Newly diagnosed cancer patients are at increased risk of having a stroke or heart attack, according to a recent study. In the first six months after diagnosis, cancer patients were more than twice as likely to have a stroke or heart attack than patients who did not have cancer.
The study, published in the Aug. 22, 2017,
Journal of the American College of Cardiology, compared the risk of stroke and heart attack in 279,719 newly diagnosed cancer patients to that of 279,719 people covered by Medicare who did not have cancer. The cancer patients had been diagnosed with bladder, breast, colorectal, gastric, lung, pancreatic or prostate cancer or non-Hodgkin lymphoma. Collectively, these eight cancers account for about 64 percent of all cancer diagnoses in the U.S.

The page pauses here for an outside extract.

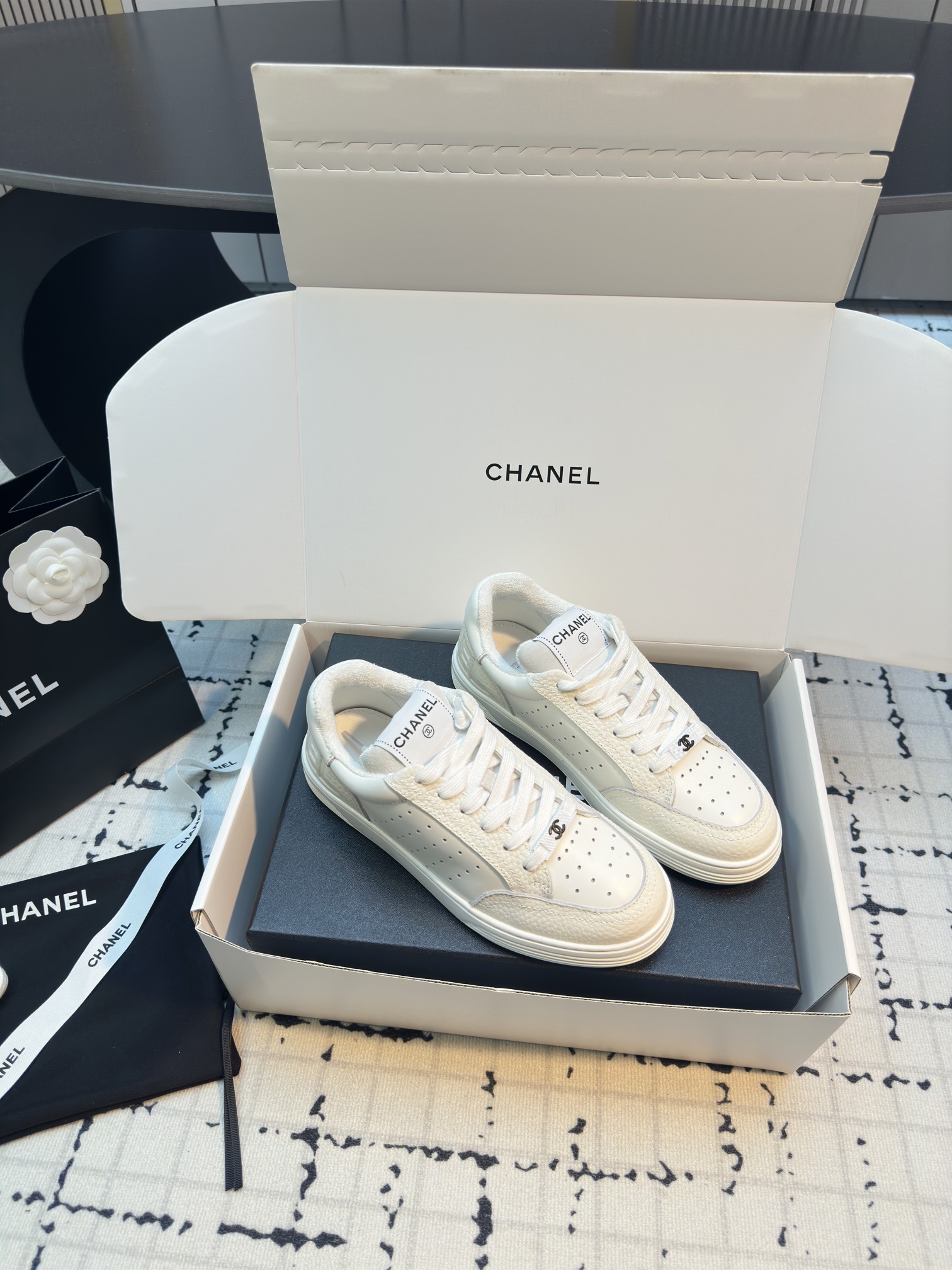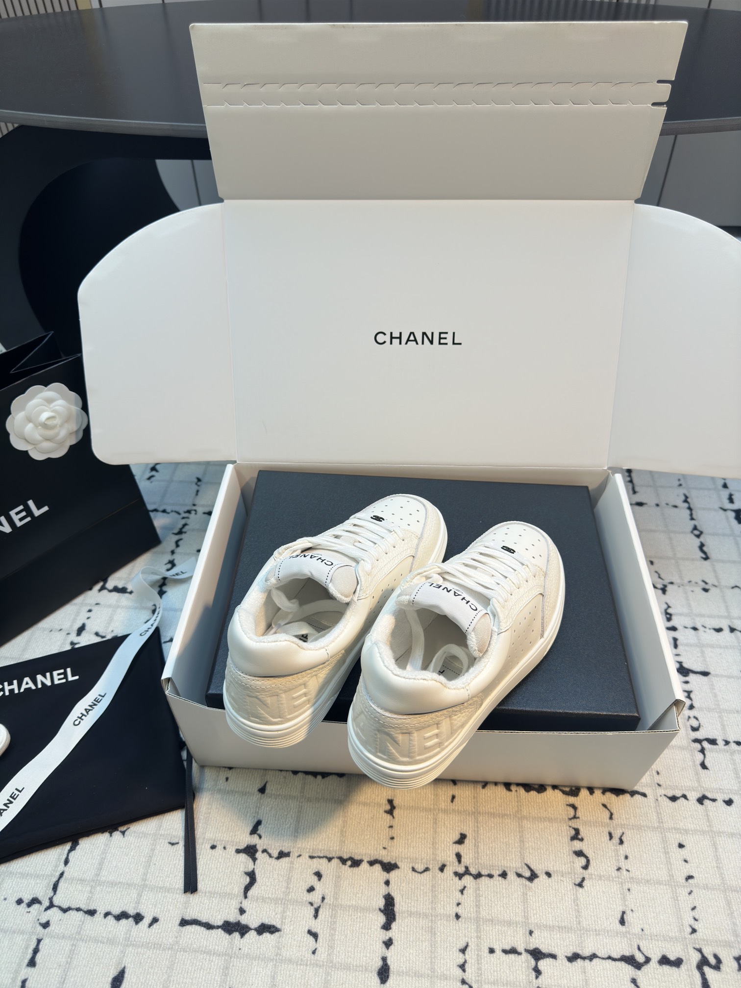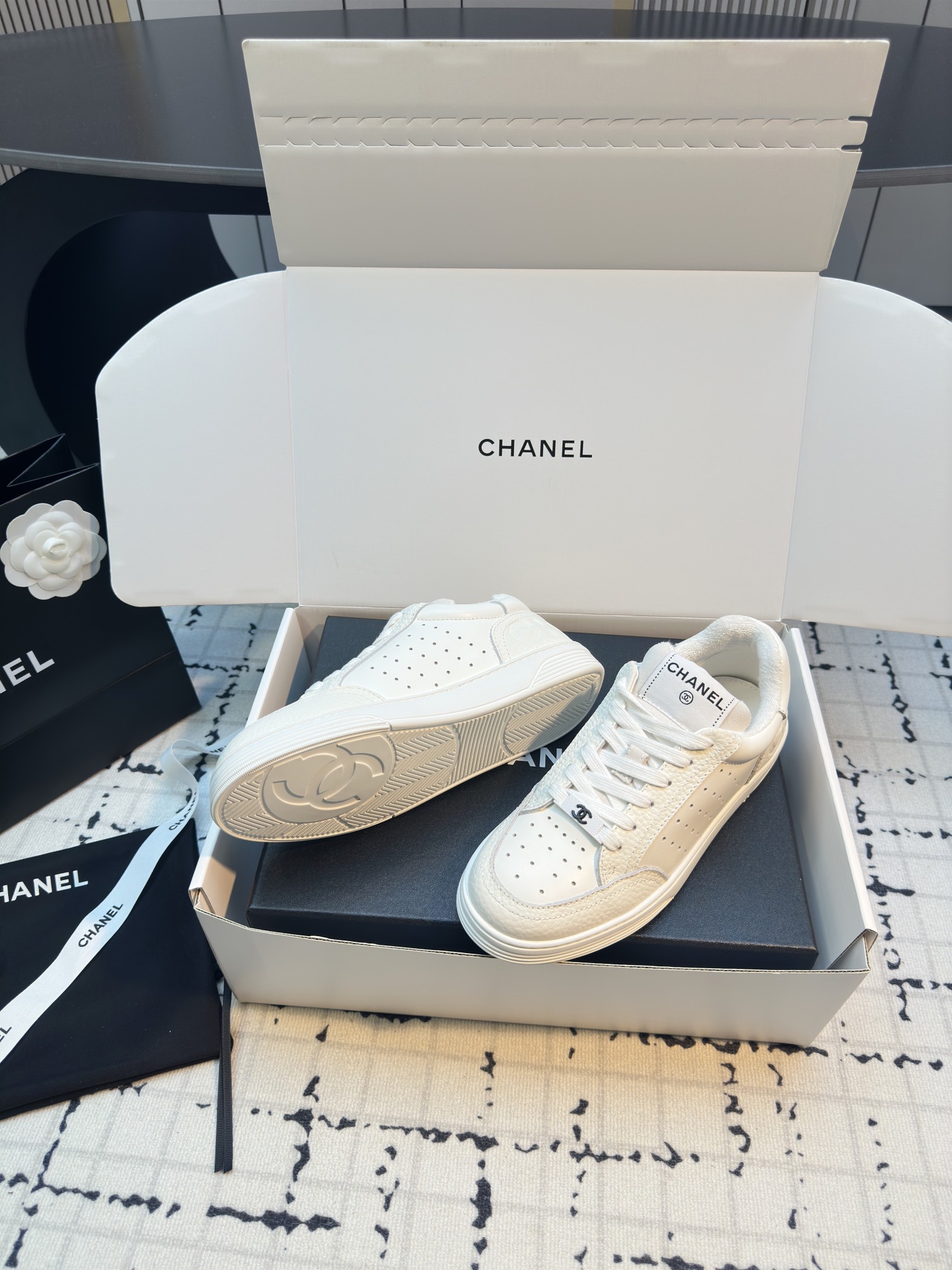 這款鞋子是AAAAA 1:1 質量(非常棒). 使用了和原版一模一樣的材料. 商標部分也保持了和香奈兒/Chanel一樣. 圖片拍攝是實物鞋子拍攝, 您所收到的實物保證和我們圖片一模一樣.

A stroke can occur when clots develop in the arteries that supply the brain with blood and oxygen. The five most common warning signs of a stroke are sudden:
• numbness or weakness of the face, arm or leg;
• confusion or trouble speaking;
• trouble seeing in one or both eyes;
• dizziness, trouble walking, or loss of balance or coordination; and
• severe headache with no known cause.
A heart attack can occur when blood clots develop in the arteries that supply the heart with blood and oxygen. The most common warning signs of a heart attack are:
• chest discomfort or pain;
• shortness of breath; and
• pain or discomfort in one or both arms, the back, neck, jaw or stomach.
The American Heart Association recommends calling 911 immediately if you see or experience symptoms of a stroke or heart attack. Drugs that treat blood clots can stop some strokes and heart attacks in progress, but treatment must be given as quickly as possible after symptoms first appear.
The study found that 4.7 percent of the cancer patients had had a stroke or heart attack within six months of diagnosis compared to 2.2 percent of the Medicare beneficiaries. The risk was higher for patients with more advanced cancers than it was for those with early-stage cancers. Risk varied by cancer type, with 8.3 percent of lung cancer patients experiencing a stroke or heart attack, compared to 2.3 percent of prostate cancer patients.
“We can’t tell whether the cancer, the treatment or other factors are causing this heightened risk,” says Babak Navi, a vascular neurologist specializing in cancer and stroke at Weill Cornell Medicine in New York City, who led the study. “In the first six months to a year after diagnosis, cancers are the most active and treatments are the most intense.”
Cancer and heart specialists have been aware of the higher risk for heart damage. But “the risk of blockages in arteries is a new realization for us,” says Javid Moslehi, a cardiologist who directs the cardio-oncology program at Vanderbilt University Medical Center in Nashville, Tennessee. He says newly diagnosed cancer patients who have traditional risk factors for cardiovascular disease—such as high blood pressure, high cholesterol, diabetes, obesity, smoking and a sedentary lifestyle—may be at higher risk of having a stroke or heart attack than newly diagnosed patients without these other risk factors.
“There’s a growing realization that cancer patients are at risk for vascular problems,” Moslehi says. “We want to help oncologists reduce that risk.”